Subject clustering analysis based on ISI category classification
Introduction
A series of previous studies focused on the analyses of journal clustering based on a complete journal–journal cross-citation matrix (Janssens et al., 2009, Zhang et al., 2009a, Zhang et al., 2009b). ISI, now part of Thomson Scientific, has assigned each journal included to one or more subject categories. Based on this classification scheme, the journal–journal matrix can be aggregated to a category–category matrix, which is much more densely populated than that on the journal level. The present study will focus on the analysis of the information flow among the ISI subject categories. This will be done for two important reasons. This exercise aims at finding an appropriate field structure of the Web of Science using the subject clustering algorithm developed in previous studies. Furthermore, since ISI subject categories are based on journal assignment the question arises of what changes if journal cross-citation is replaced by subject cross-citation. If changes are not essential, the elaborate clustering of more than 8000 journals could be substituted by a somewhat easier analysis of roughly 250 ISI categories and the journal level could, as it were, be skipped. However, we stress that cross-citations are calculated from individual paper-to-paper links whatever aggregation levels are chosen. The other reason is to analyze whether multiple journal assignment to subject categories interferes with, distorts or even determines the resulting cluster structure. Before we introduce the methodological rudiments, we briefly summarise the historical background and the outcomes of previous or related studies.
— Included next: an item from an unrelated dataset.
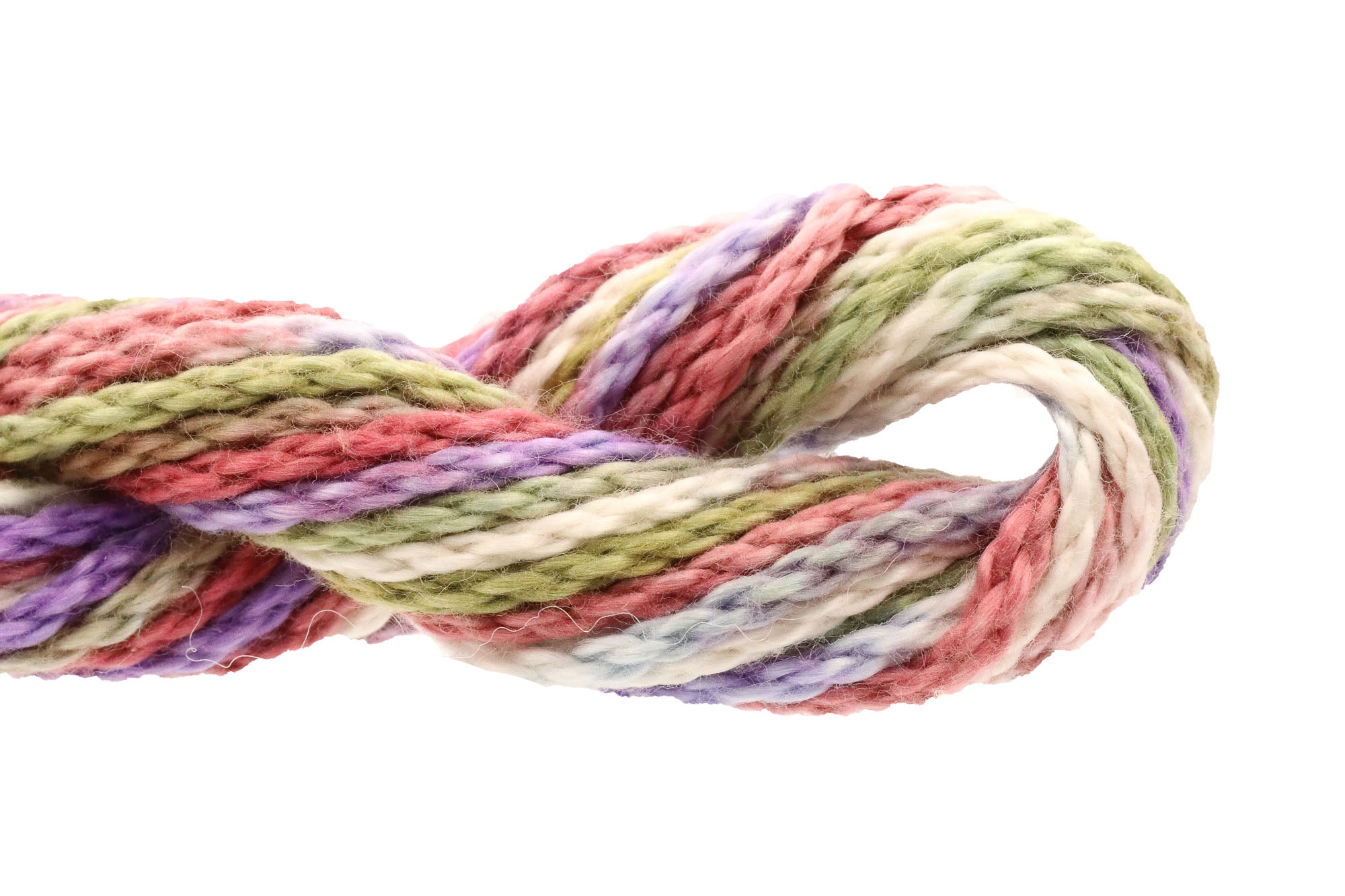 This is Watercolours from Caron Collection in color 039 Lilac. Rich variegated colors in stranded cotton. 2 strands on 13 mesh 1 strand on 18 mesh. 1 strand is about equivalent in size to #5 Perle Cotton.

Along with the development of computerised scientometrics, mapping of science plays an important role in the construction and analysis of science structure. For instance, a variety of techniques for analyzing journal–journal citation relationships have been reported in the literature (Doreian and Fararo, 1985, Leydesdorff, 2006, Tijssen et al., 1987). An alternative method of co-citation clustering has been investigated in constructing a World Atlas of Sciences for ISI (Garfield et al., 1975, Leydesdorff, 1987, Small, 1999). Boyack, Klavans, and Börner (2005) applied eight alternative measures of journal similarity to a dataset of 7121 journals covering over one million documents in the combined Science Citation and Social Sciences Citation Indexes, to show a global map of science using the force-directed graph layout tool VxOrd. Chen (2008) proposes an approach to classify scientific networks in terms of aggregated journal-journal citation relations of the ISI Journal Citation Reports using the affinity propagation method. As mentioned in the outset, Zhang, Glänzel, et al. (2009) and Zhang, Janssens, et al. (2009) have also investigated different methods for the analysis and classifications of scientific journals. Besides using journals as the units of analysis, some recent investigations focus on the science structure based on the subject categories. Glänzel and Schubert (2003) designed a new classification scheme of science fields and subfields for scientometric evaluation purposes. Moya-Anegon et al. (2004) proposed a new technique that uses thematic classification as entities of co-citation, and presented an ego-centred network of 222 ISI categories including science and social sciences. Leydesdorff and Rafols (2009) classified the ISI 172 science categories into 14 groups based on factor analysis, and compared the interdisciplinarity of each category using betweenness centrality. Compared to other researchers, we applied a new clustering technique to classify the ISI science and social sciences categories into 7 groups based on the category–category cross-citation similarities, and further compared the results with the 7 hybrid clustering solution of 8305 journals in a previous study (Zhang, Janssens, et al., 2009). Furthermore, several indicators have been used to analyze the communication characteristics of different categories.
Section snippets
Data sources and processing
The data have been collected from the Web of Science of Thomson-Reuters. Altogether 9487 journals which were assigned to the 246 categories of sciences, social sciences and arts and humanities in the entire period of 2002–2006 were selected and only three document types, namely, article, letter and review, were taken into consideration. More than six million papers were indexed and citations have been summed up through a variable citation window, from the publication year till 2006.
Methods
As already mentioned at the outset, citation links are determined on the basis of paper-by-paper assignment, which provides us several advantages compared to other approaches (Zhang, Glänzel, et al., 2009). There are three procedures for the cross-citation data aggregations: document-to-document, then journal-to-journal, and finally ISI category-to-category (or large domains-to-domains). The previous work focussed on the journal level, and now our focus turns to the higher level of ISI subject
Results
The number of subject assignment in the Web of Science (SCIE, SSCI, AHCI) is 14,608 for 9487 journals during 2002–2006, namely, roughly 1.54 categories per journal. The average number of journals for each category is 59.4. Fig. 1 presents the 15 biggest ISI subject categories, each of which has more than 150 journals.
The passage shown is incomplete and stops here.